(Records from a data source)
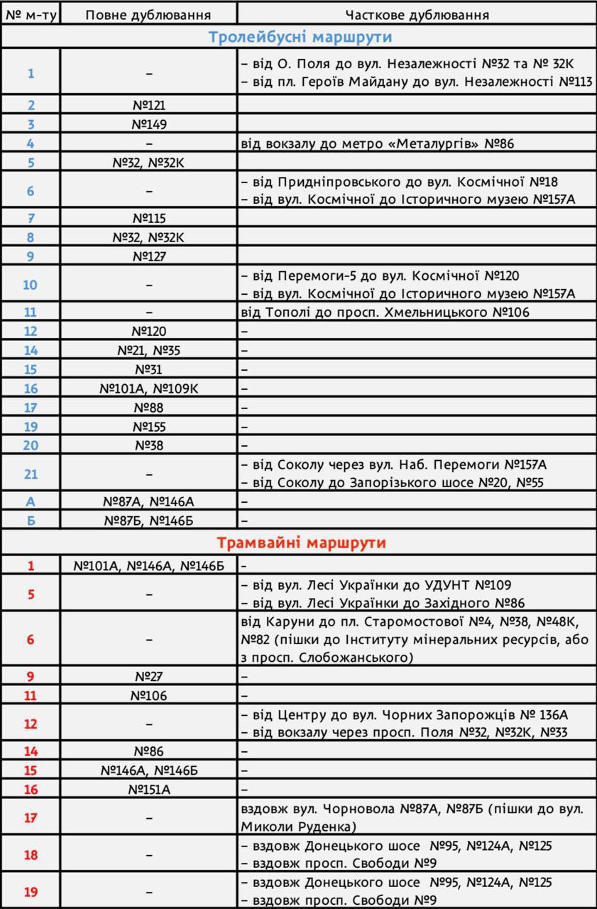 Водночас, щоб мінімізувати незручності для пасажирів, у місті планують максимально посилити дублюючі автобусні маршрути, які курсують паралельно з електротранспортом.
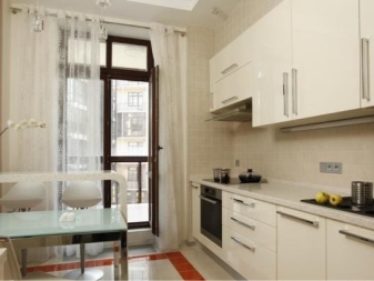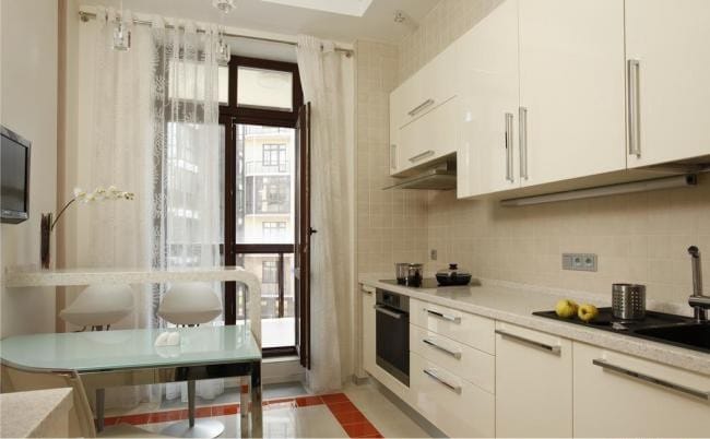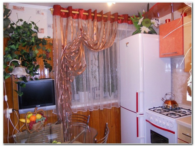 For a living room in a classic style, a curtain that is too short is absolutely not acceptable, but in the kitchen it will be useful.
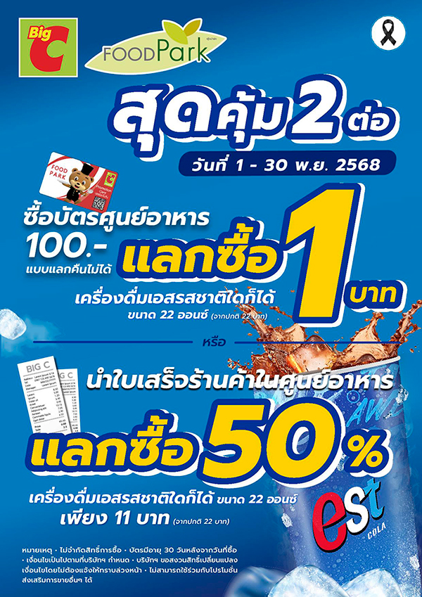 นอกจากดีลจากร้านค้าแล้ว บิ๊กซียังมอบความคุ้มค่าให้กับสายกิน กับโปรโมชั่น “สุดคุ้ม 2 ต่อ” ที่ศูนย์อาหารทั่วประเทศ เพียงซื้อบัตรศูนย์อาหารมูลค่า 100 บาท (แบบไม่แลกคืน) รับสิทธิ์แลกซื้อเครื่องดื่มเอสโคล่า 22 ออนซ์ เพียง 1 บาท หรือใช้ใบเสร็จร้านค้าในศูนย์อาหารแลกซื้อเอสโคล่าได้ในราคาเพียง 11 บาท จากราคาปกติ 22 บาท ตั้งแต่วันนี้ – 30 พฤศจิกายน 2568
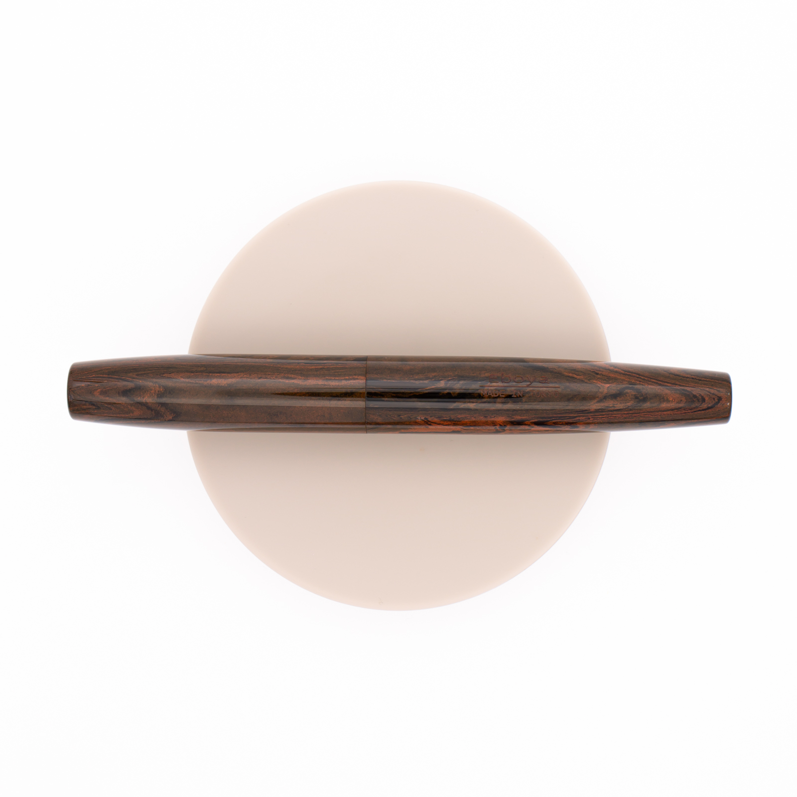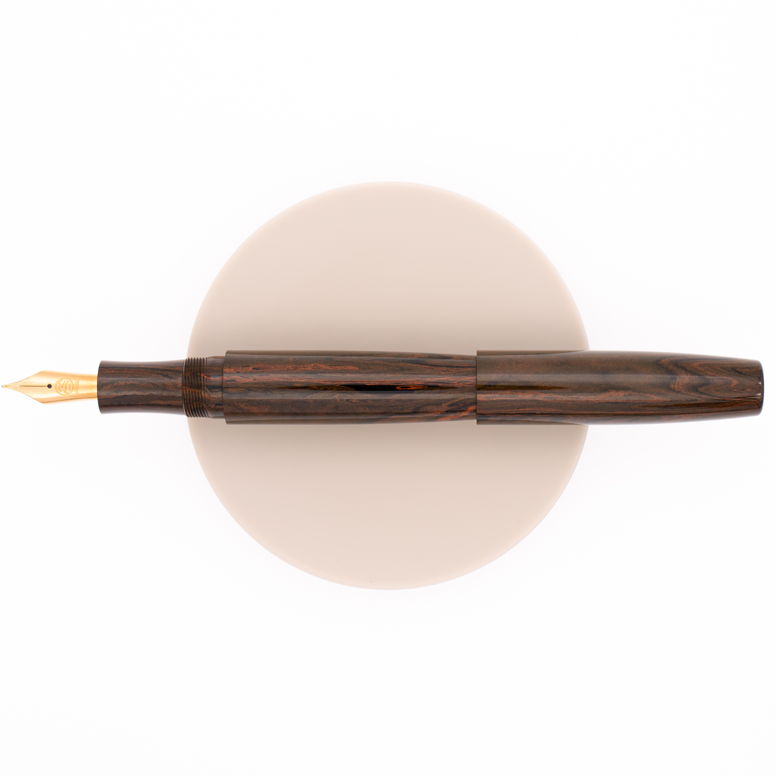 Eboya Hakobune Large Nichibo is a traditional barrel type fountain pen with no clip. It is made with an orange marble pattern on black ground ebonite to give you a warm touch and a beautiful Japanese minimalist design. 14 KT gold nib.
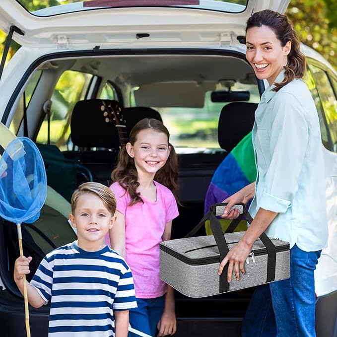 Insulated Casserole Carrier, Portable Casserole Carrier for Hot or Cold Food Lunch Tote Warmer or Cooler Bag, Lasagna Lunch Bag for Potluck Parties- Fits 9" x 13" Baking Dish-Light Gray
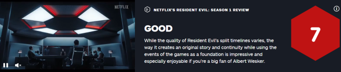 《生化危机》故事分成两条时间线(2022年与2036年),其中一条比另一个更吸引人、更有趣。但《生化危机》第一季提供了一个全新原创故事引人入胜,为第二季留下了充足空间。尽管质量不平衡,但在表演、特效和整体叙事上让人想看更多。如果续订第二季的话,还有很多值得探索的故事线索。
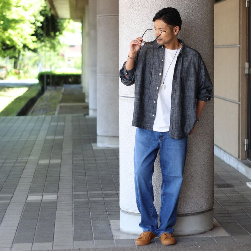DUAL VOICE/デュアルボイス コットンリネンスラブシャンブレーワークシャツ BLACK
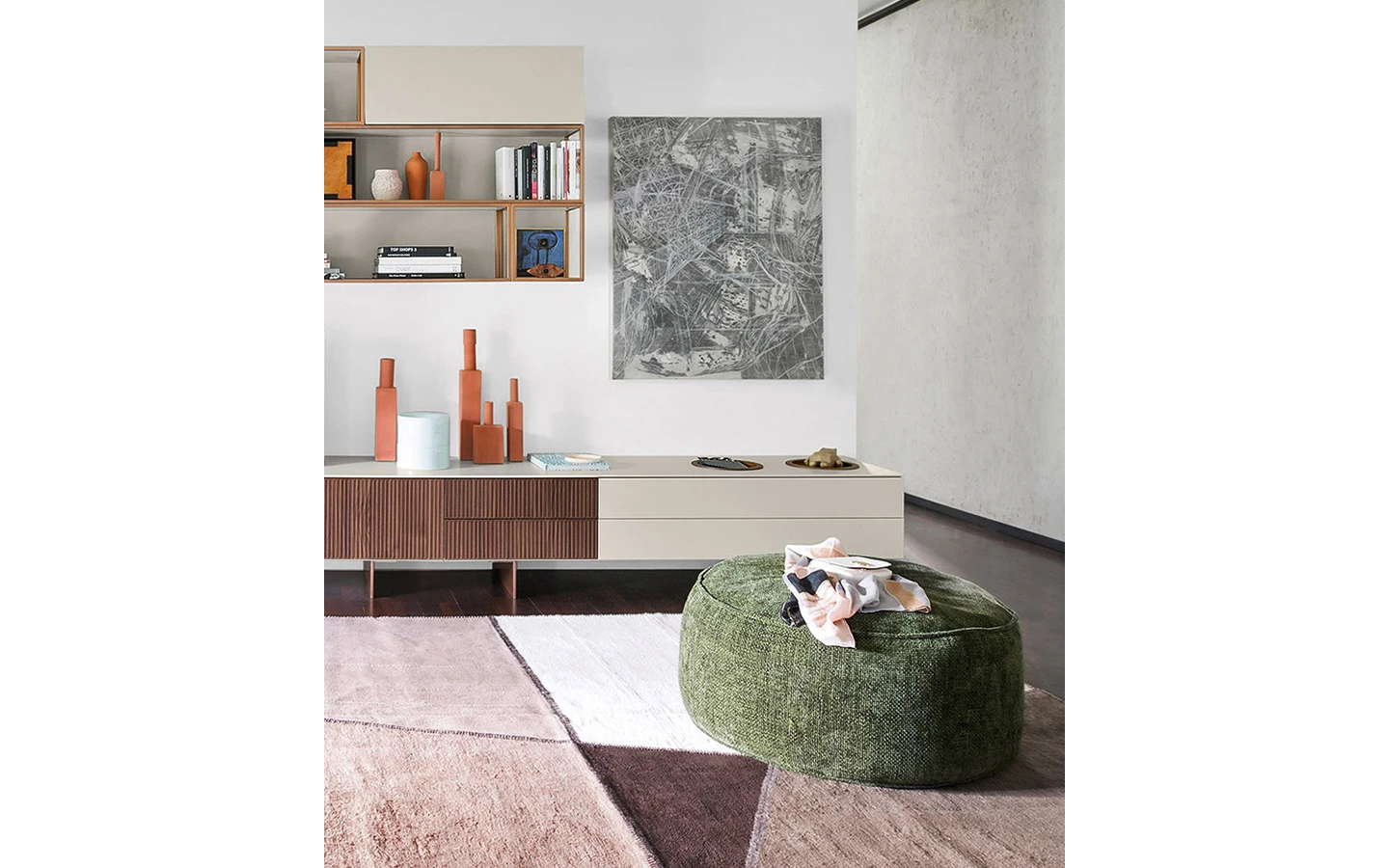 Килимът NOMADISMI TERRE е част от колекцията NOMADISMI на Mohebban Milano, проектирана от Elena Caponi. Тази колекция е изцяло изработена в Турция с рециклирани конопени тъкани. Тези винтидж текстили се преработват чрез повторно багрене и съединяване с вълнена нишка, допълнени с пискюли, за да се създадат уникални килими, богати на цветови и тактилни контрасти. Всеки килим от колекцията е уникален поради естествените вариации в оригиналните рециклирани материали, което гарантира, че няма два еднакви модела. Стандартната дебелина на килимите е приблизително 0.5 см, като могат да бъдат персонализирани по размер и цвят при заявка.

» Required action:
Beginning with the line that contains "Insulated Casserole Carrier, Portable" in the data above, please copy each line exactly until the last line, both ends included, skipping any pictures.

» The completed task:
 Insulated Casserole Carrier, Portable Casserole Carrier for Hot or Cold Food Lunch Tote Warmer or Cooler Bag, Lasagna Lunch Bag for Potluck Parties- Fits 9" x 13" Baking Dish-Light Gray
 《生化危机》故事分成两条时间线(2022年与2036年),其中一条比另一个更吸引人、更有趣。但《生化危机》第一季提供了一个全新原创故事引人入胜,为第二季留下了充足空间。尽管质量不平衡,但在表演、特效和整体叙事上让人想看更多。如果续订第二季的话,还有很多值得探索的故事线索。
DUAL VOICE/デュアルボイス コットンリネンスラブシャンブレーワークシャツ BLACK
 Килимът NOMADISMI TERRE е част от колекцията NOMADISMI на Mohebban Milano, проектирана от Elena Caponi. Тази колекция е изцяло изработена в Турция с рециклирани конопени тъкани. Тези винтидж текстили се преработват чрез повторно багрене и съединяване с вълнена нишка, допълнени с пискюли, за да се създадат уникални килими, богати на цветови и тактилни контрасти. Всеки килим от колекцията е уникален поради естествените вариации в оригиналните рециклирани материали, което гарантира, че няма два еднакви модела. Стандартната дебелина на килимите е приблизително 0.5 см, като могат да бъдат персонализирани по размер и цвят при заявка.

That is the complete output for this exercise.